Dig in Falkirk has helped Michaela develop green fingers

A year ago, Michaela Crawford would have said her fingers were anything but green, however all that has changed thanks to Dig in Falkirk.

Thursday, 22nd March 2018, 5:00 pm
From left, Sarah Fraser, food and growing project officer Forth Environment Link; Michaela Crawford from Brighthouse; Gareth Brown, Street Ambassadors Falkirk Delivers and Mandy Brown, planning officer environment Falkirk Council.
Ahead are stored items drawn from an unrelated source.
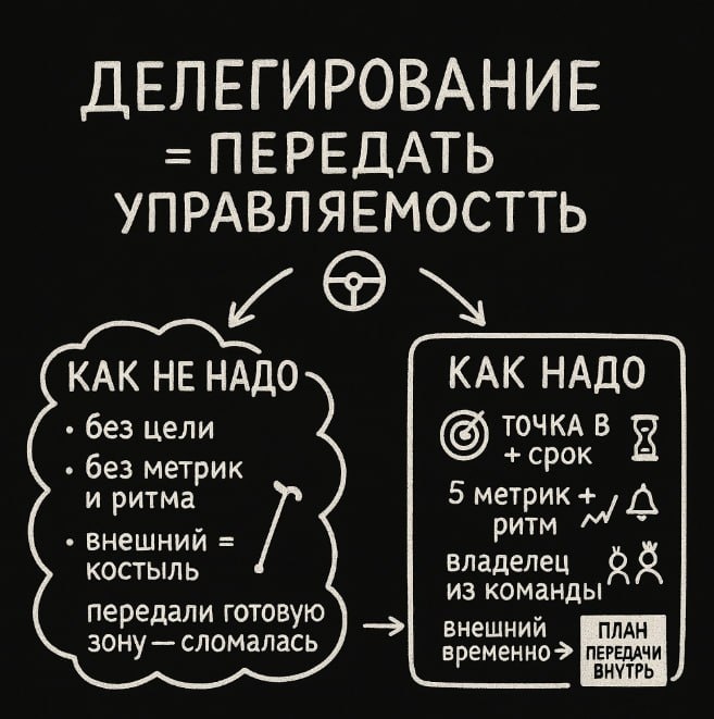 На прошлой неделе увидел ситуацию в одном из проектов, где запустили процесс передачи зоны новому внешнему эксперту, и сразу вспомнил свои неуспешные опыты делегирования. Первый большой и болезненный провал - когда я передал уже работающую зону новому человеку. Мне казалось, что он просто подхватит руль и поедет. В реальности зона начала сбоить. Я для себя нашел ответ такой - потому что человек не строил ее сам ❓ Не было базовых цифр, ритма, понятной карты процесса. Я ждал результата, а он ждал правил игры 🆘 Мой вывод - делегировать готовую зону без контура управления нельзя. Потом я попробовал делегировать создание новой зоны без целей. Типа специалист разберется и все настроит, он же специалист... Без конечной цели собственника, сроков и критериев готовности - это превратилось в долгую разведку. Сделали много действий, но мало движения к результату. Я понял, что без точки B любая передача полномочий превращается в угадайку 😩 Дальше я позвал внешнюю команду экспертов пост
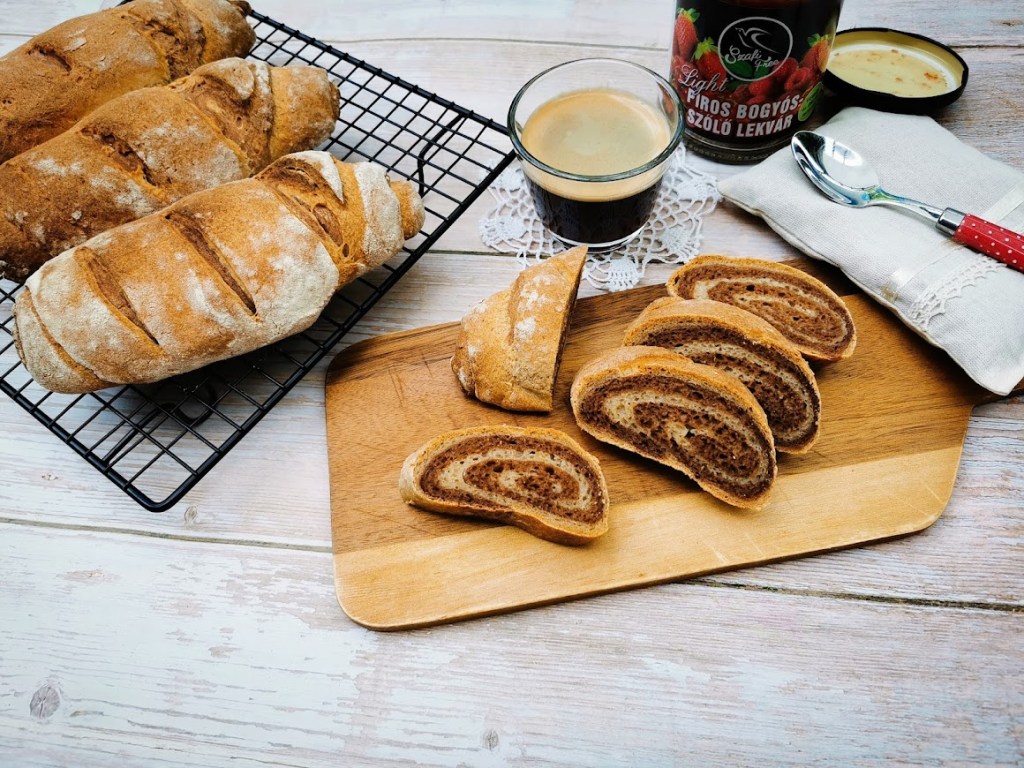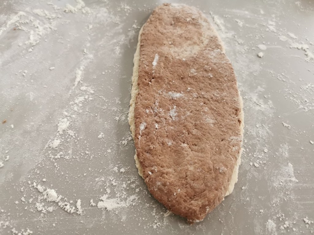 - Osszuk a fehér és a barna tésztát 4 egyenlő részre. Liszttel megszórt felületen nyújtsunk ki kissé ovális alakúra 1-1 fehér és barna tésztát, majd tegyük a barnát a fehérre és szorosan tekerjük fel.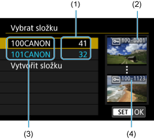 - Složka může obsahovat až 9999 snímků (čísla souborů 0001 až 9999). Po zaplnění složky se automaticky vytvoří nová složka s číslem složky zvýšeným o hodnotu jedna. Nová složka se automaticky vytvoří také v případě, že provedete ruční reset (). Lze vytvořit složky označené čísly v rozsahu 100 až 999.
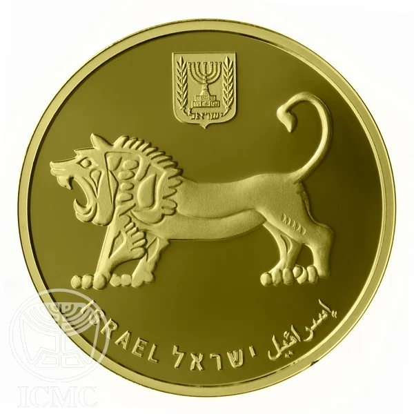 Israel's emblem features a roaring lion from an 8th-century BCE seal of Shema, servant of King Jeroboam II, with "Israel" in English, Hebrew, and Arabic.

Pic: Michael Gillen.

Launched last May, the project aims to showcase what can be grown in the tiniest of urban gardens.

Michaela, who works as a customer sales adviser at BrightHouse, was one of those who decided to get involved in the project.

The planters in the High Street were cleared and adopted by local businesses and organisations, transforming them into allotments, growing fruit, vegetables, herbs and pollinators.

The 34-year-old said: “I had no real gardening experience whatsoever.

“I’d started doing my garden at home, but nothing like what I’ve been doing up town.

“I saw the pocket allotments advertisedon facebook and I thought ‘why not get involved’, so I spoke to my manager and the wheels were set in motion.

“I thought it was a flower garden originally, but after finding out more and learning it was an allotment, I just embraced the experience.”

And since taking on a pocket allotment, Michaela has gained a wealth of knowledge.

She explained: “I started last year with no knowledge whatsoever and from the back of a couple of seed packets I have learned an awful lot.

“When you are growing something and it’s successful it’s the best thing in the world.

“I didn’t realise just how much you’d be able to grow even in a small space.

“Last year as a novice I was attempting to buy a lot of plants, but it’s very expensive to do and it can put people off.

“I now own a greenhouse and this year I’m growing 
everything from seed.”

The Dig in Falkirk project is run by Falkirk Council, Forth Environment Link and Falkirk Delivers, and it aims to encourage more 
community growing projects in the district.

“With the allotment, one thing I wanted to do was give something to the community so I decided to do a soup garden and a pie patch,” said Michaela.

“I wanted to give what I’d grown to local charities and primarily it was the soup kitchen, so I based my choice of what to grow on the fact it was something you could use in a soup or in a pudding.

“At the moment I’m finding out what’s going to be successful in the soil that we have and once I’ve figured that out I’ll keep growing what works.”